Exercise requirements – A verbatim copy is needed of the lines below from the one containing "و نظمت مديرية" up to and including the one containing "A slice of layered", excluding pictures.
*** Opening of Dataset excerpts ***
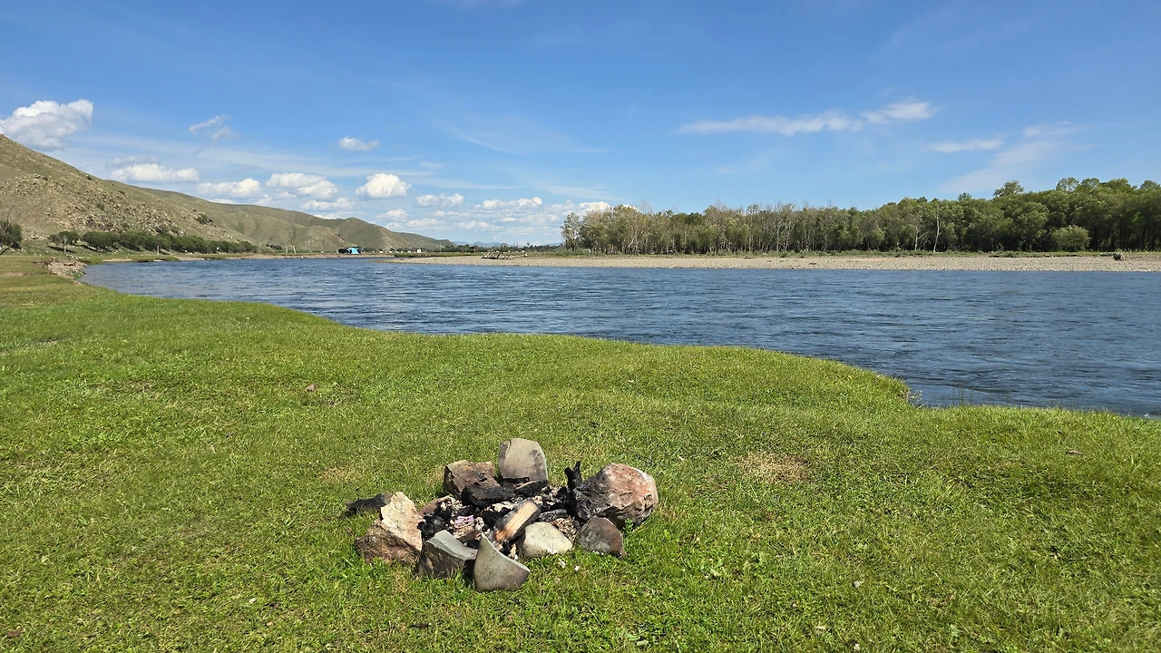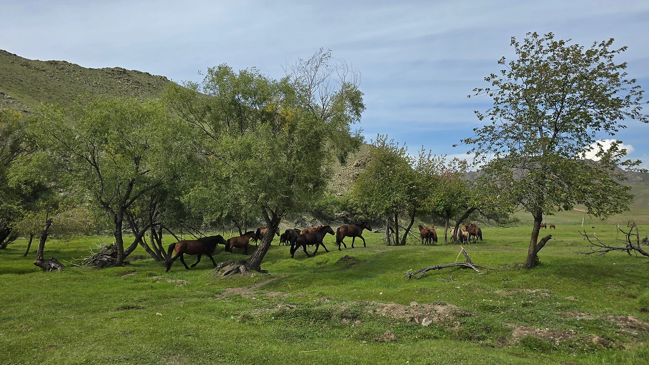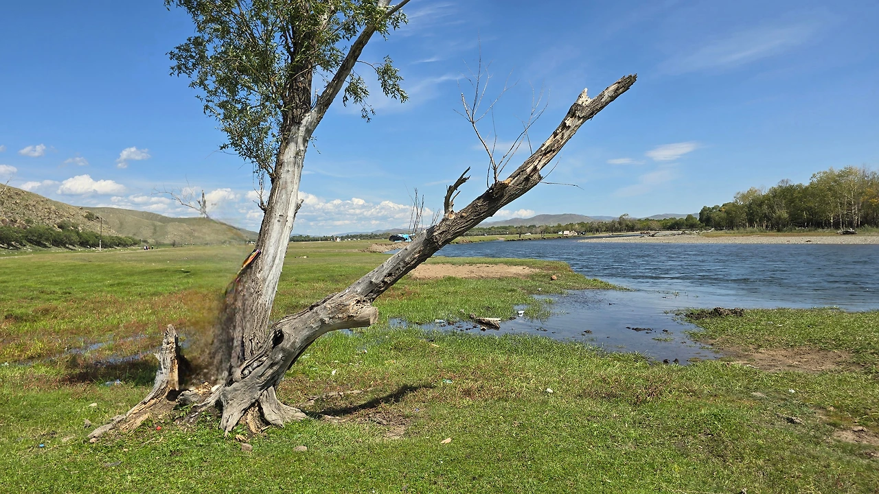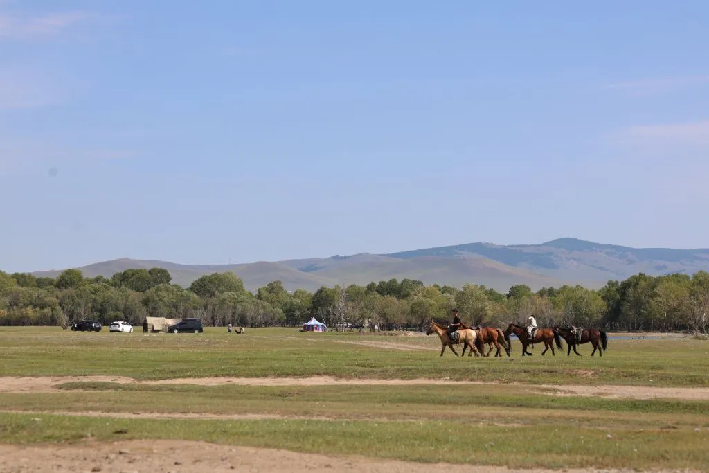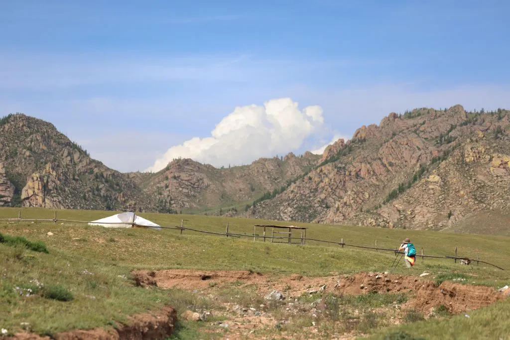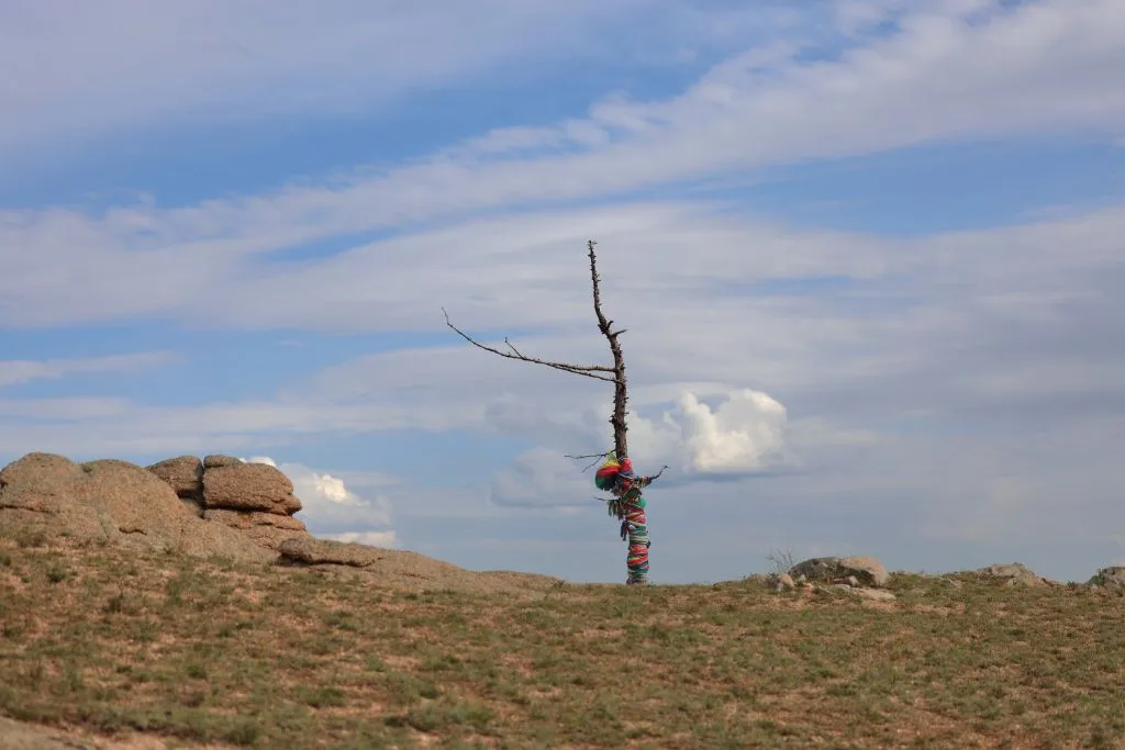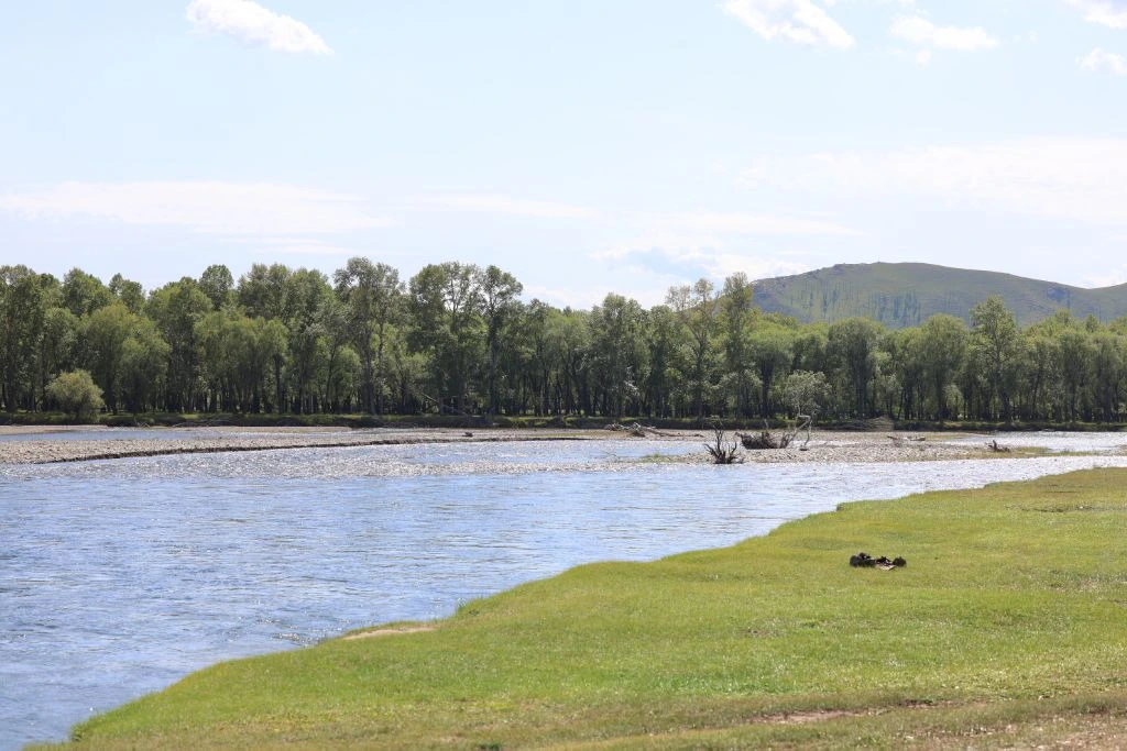 가이드 말처럼 완만한 지대를 걷고 또 걷는다. 언덕배기 너머로 보이던 산도 지나고, 어느새 정상에 도착했다. 아래를 내려다보니 몇 겹의 완만한 산 아래로 푸른 숲과 툴강이 보이고, 그 너머론 평지와 낮으막한 산이 몇 겹으로 펼쳐져 있다. 역시 어워가 있다. 너무나 낯선 풍경 놓칠 수 없어 사진도 동영상도 분주하게 찍는다.
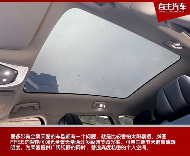 很多带有全景天窗的车型都有一个问题,就是比较害怕太阳暴晒。岚图FREE的智能可调光全景天幕通过多级调节透光率,可自由调节天窗玻璃透明度,为乘客提供广阔视野的同时,营造高度私密的个人空间。
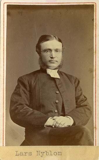 Text på kortets baksida: "Lars Nyblom, f. 1844. Kyrkoherde i Spekeröd 1881".
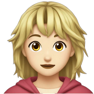 SARI SAÇLI SAÇININ YARISI SOLA DOĞRU DİĞERİNİN SAĞ TARAFTA AMA DÜZ DURAN KAHVERENGİ GÖZLÜ UZUN KİRPİKLİ BUĞDAY RENKLİ KIRMIZI ÜNİFORMALI BİR ERKEK ÇOCUK emoji
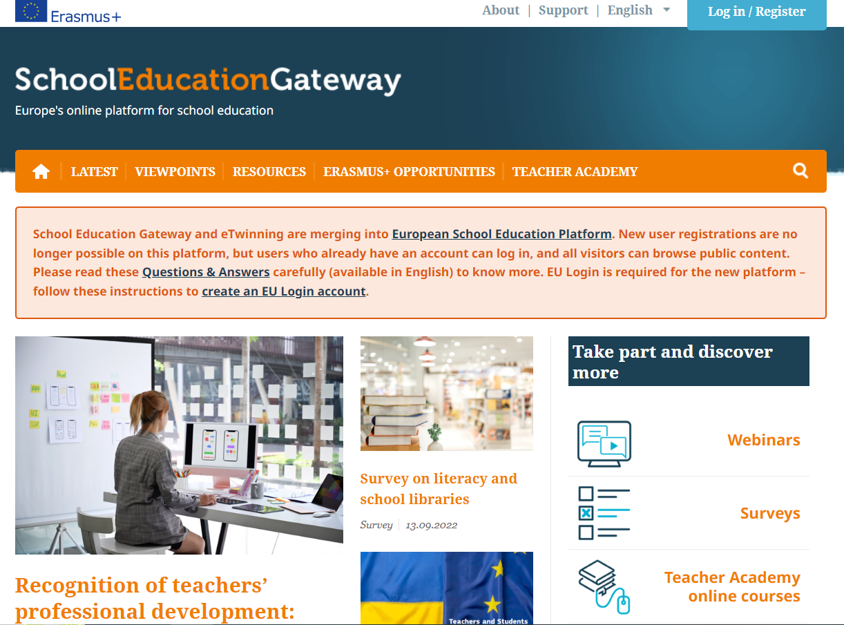 Однак використання ресурсів School Education Gateway — виклик для українських учителів, адже їм потрібно мати достатній рівень англійської мови, навички з цифрових технологій і володіння сучасними методами викладання й навчання в цифровому форматі, щоб донести актуальну інформацію до учнів і навчити їх використовувати сучасні цифрові ресурси в освітньому процесі. Наразі, в умовах війни, саме такі компетентності вчителя необхідні для забезпечення якісного освітнього процесу в дистанційному форматі.
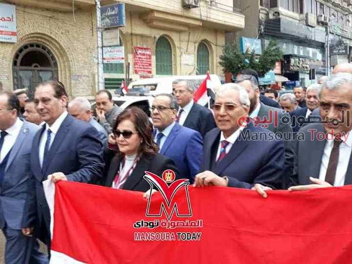 و نظمت مديرية الصحة بالدقهلية مسيرة قادها المحافظ و شارك فيها الدكتورة منى محرز نائب وزير الزراعه والدكتور سعد مكى وكيل وزارة الصحه بالمحافظه وعدد من اعضاء مجلس النواب والقيادات الشعبيه والتنفيذيه بالمحافظه من امام ديوان عام المحافظه وحتى مسجد النصر بالمنصورة.
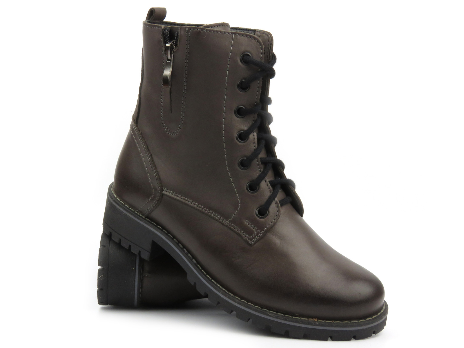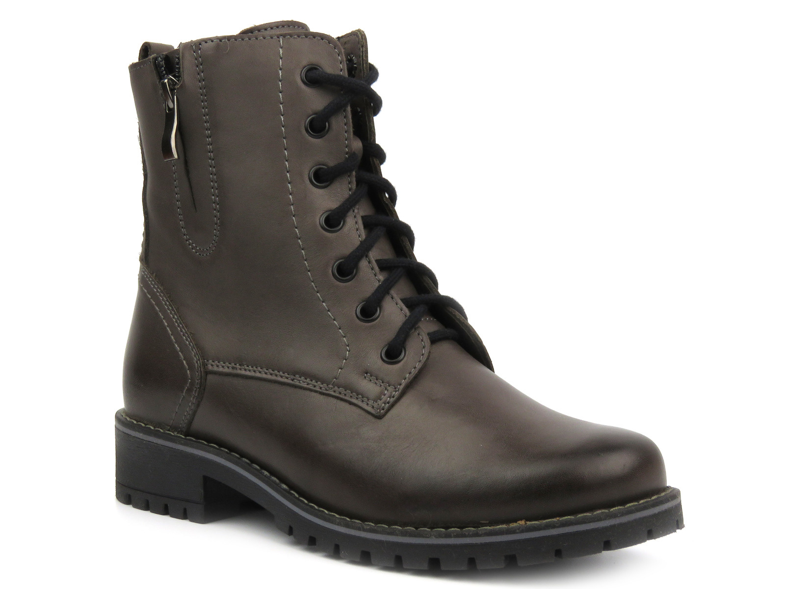 Skórzane botki damskie - Syrena 4038, grafitowe
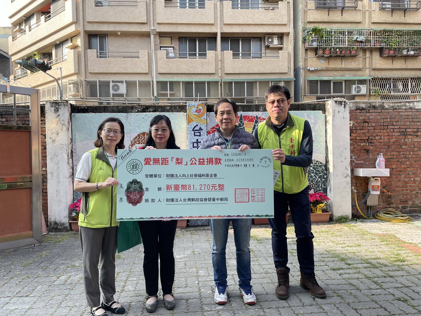 114.12.5臺中郵局與財團法人台灣郵政協會「愛無距梨」公益捐款
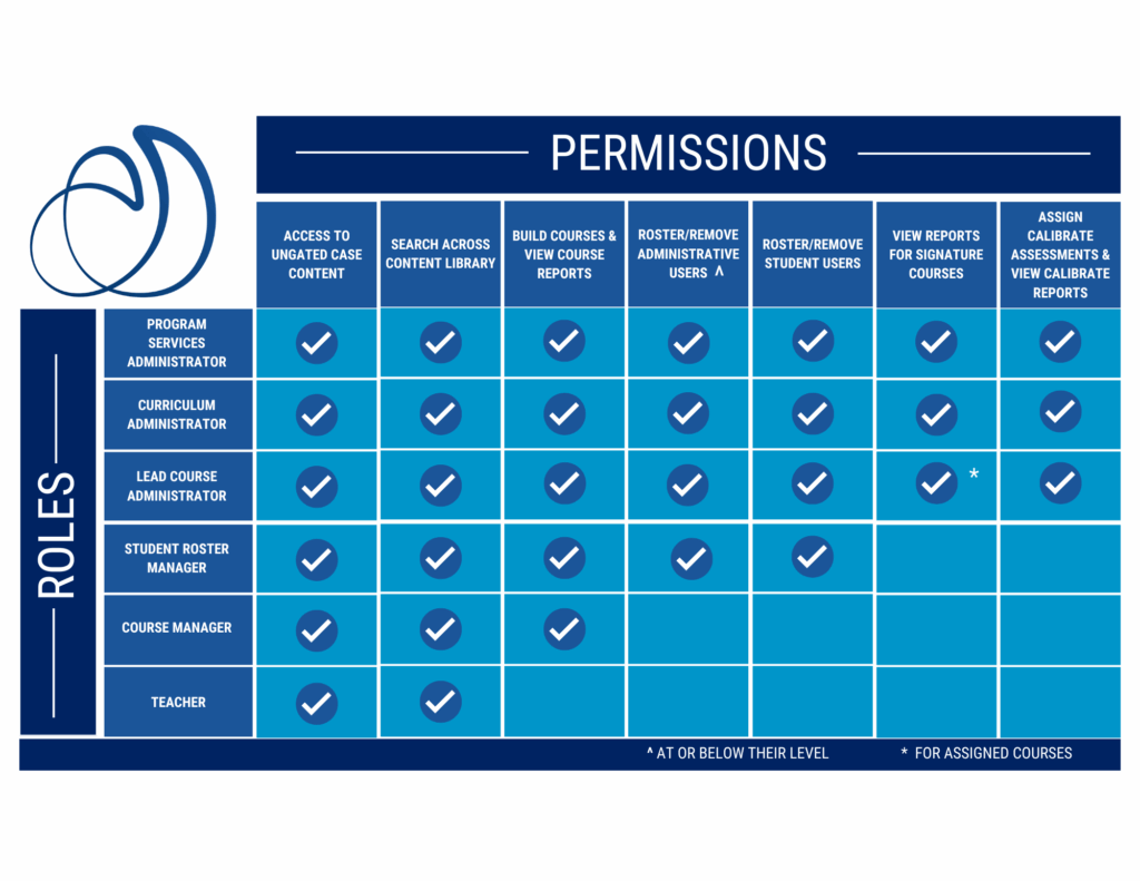 - Are at the highest level in the permission hierarchy—the Program Service Administrator can perform any role within the system as fits your program, including building courses, viewing student cases, adding/deleting other educators, and performing any other role
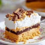 A slice of layered dessert on a white plate with a floral pattern, placed on a white marbled surface. The dessert has four layers: the bottom layer is crumbly and golden brown, the second layer is thin and dark chocolate, the third layer is thick and creamy light peanut butter color, and the top layer is fluffy and white whipped cream. The whipped cream layer is decorated with small pieces of peanut butter chocolate candy and crushed nuts scattered on top. In the background, the whole dessert is slightly blurred. Photo taken with an iphone --ar 4:5 --v 7
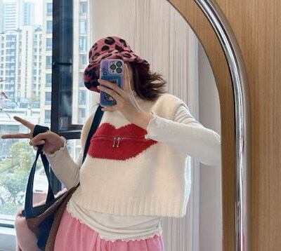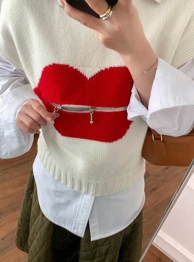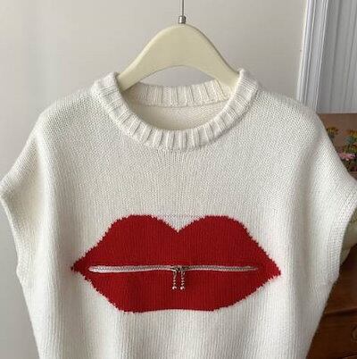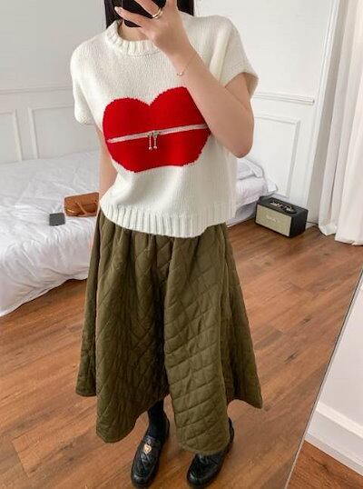 クーポン有トップス レディース ニット セーター プルオーバー ベスト 白トップス 春 ショート丈 短丈トップス 裾短め 半袖 ラウンドネック 襟なし ノーカラー ストレート オーバーサイズ ファスナ
*** Close of Dataset excerpts ***
Task answer –
 و نظمت مديرية الصحة بالدقهلية مسيرة قادها المحافظ و شارك فيها الدكتورة منى محرز نائب وزير الزراعه والدكتور سعد مكى وكيل وزارة الصحه بالمحافظه وعدد من اعضاء مجلس النواب والقيادات الشعبيه والتنفيذيه بالمحافظه من امام ديوان عام المحافظه وحتى مسجد النصر بالمنصورة.
 Skórzane botki damskie - Syrena 4038, grafitowe
 114.12.5臺中郵局與財團法人台灣郵政協會「愛無距梨」公益捐款
 - Are at the highest level in the permission hierarchy—the Program Service Administrator can perform any role within the system as fits your program, including building courses, viewing student cases, adding/deleting other educators, and performing any other role
 A slice of layered dessert on a white plate with a floral pattern, placed on a white marbled surface. The dessert has four layers: the bottom layer is crumbly and golden brown, the second layer is thin and dark chocolate, the third layer is thick and creamy light peanut butter color, and the top layer is fluffy and white whipped cream. The whipped cream layer is decorated with small pieces of peanut butter chocolate candy and crushed nuts scattered on top. In the background, the whole dessert is slightly blurred. Photo taken with an iphone --ar 4:5 --v 7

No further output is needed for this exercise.